- Born: 18 March 1913 Vuka, Croatia-Slavonia, Austria-Hungary
- Died: 24 April 2003 (aged 90) Zagreb, Croatia
- Allegiance: Kingdom of Yugoslavia Independent State of Croatia
- Branch: Croatian Air Force
- Service years: 1941 - 1945
- Rank: Lieutenant
- Conflicts: World War II
- Awards: Order of Danica Hrvatska with face of Franjo Bučar

= Katarina Matanović-Kulenović =

Croatian aviator (1913–2003)

Katarina Matanović-Kulenović (18 March 1913 in Vuka - 24 April 2003 in Zagreb) was the first female Croatian pilot and parachutist.

Born near Osijek in 1913, she lived in Zagreb from 1918. She became a graduated pilot in the Yugoslav Royal Air Force in 1936. She parachuted at an air show in Zemun in 1938.

During the Independent State of Croatia period she was married to Croatian journalist Namik Kulenović. From 1943 she served in the Croatian War Air Force. For a time she was the personal pilot of minister Ante Vokić. In 1944, her husband died in a plane crash.
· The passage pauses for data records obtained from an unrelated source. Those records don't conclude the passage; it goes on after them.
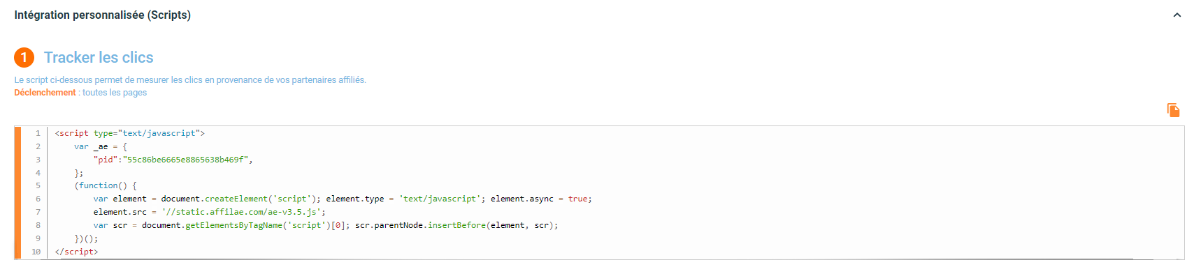 Copier – coller le script de sécurité, présent dans la partie « tracking » de la page « Configuration » de votre compte Affilae. Vous trouverez ce script dans la partie « intégration personnalisée », « tracker les clics ».
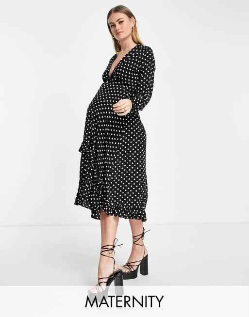 Queen Bee Maternity - Sort polkaprikket slå-om-midikjole
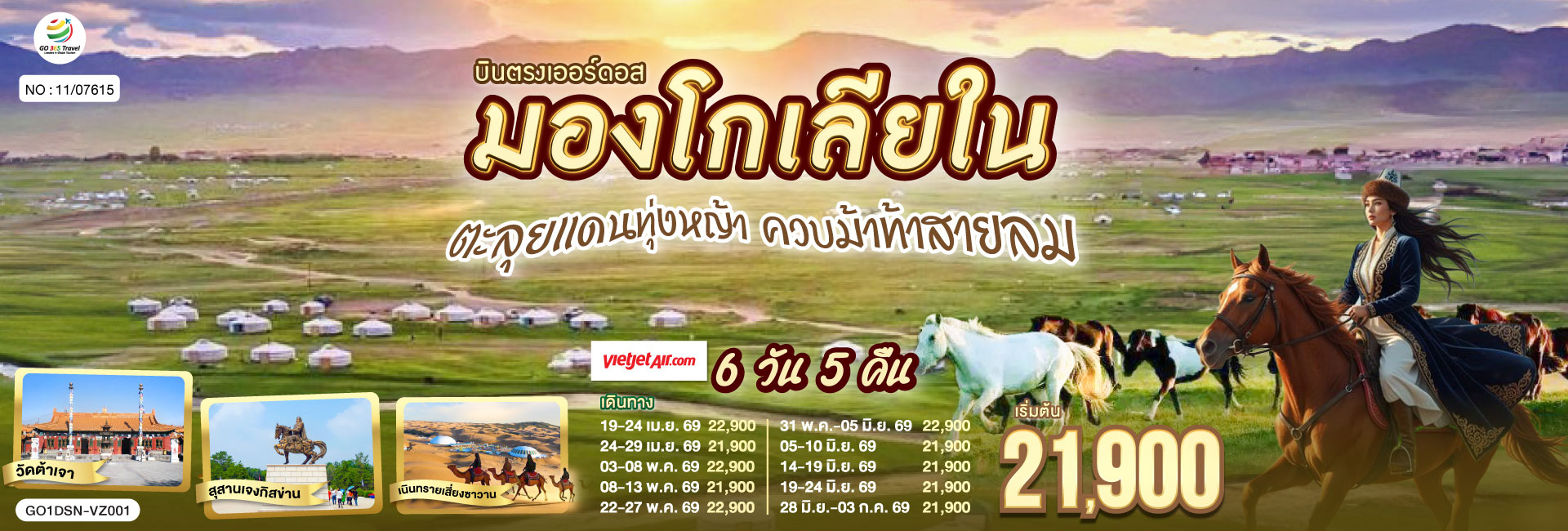 บินตรงเออร์ดอส มองโกเลียใน ตะลุยแดนทุ่งหญ้า ควบม้าท้าสายลม 6 วัน 5 คืน โดยสายการบิน ไทย เวียตเจ๊ต (VZ)
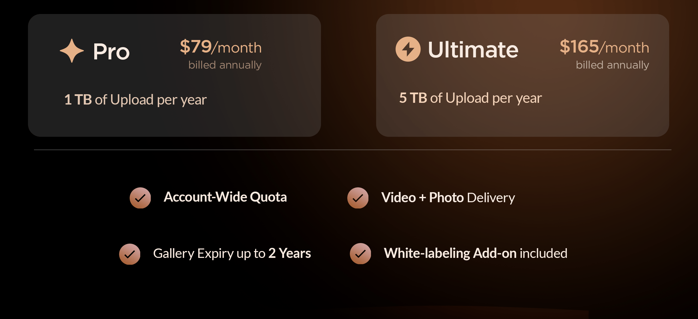 | For professionals needing more — More Uploads. More Features. More Control. | An all-inclusive membership — For high volume businesses & production houses. |

After the Second World War she was no longer allowed to fly in Communist Yugoslavia and her story was largely unknown.

She received the Order of Danica Hrvatska from Croatian president Franjo Tuđman in 1998. In 2000 Boris Puhlovski wrote a biography on Matanović-Kulenović titled Katarina na krilima.

Matanović-Kulenović died in 2003.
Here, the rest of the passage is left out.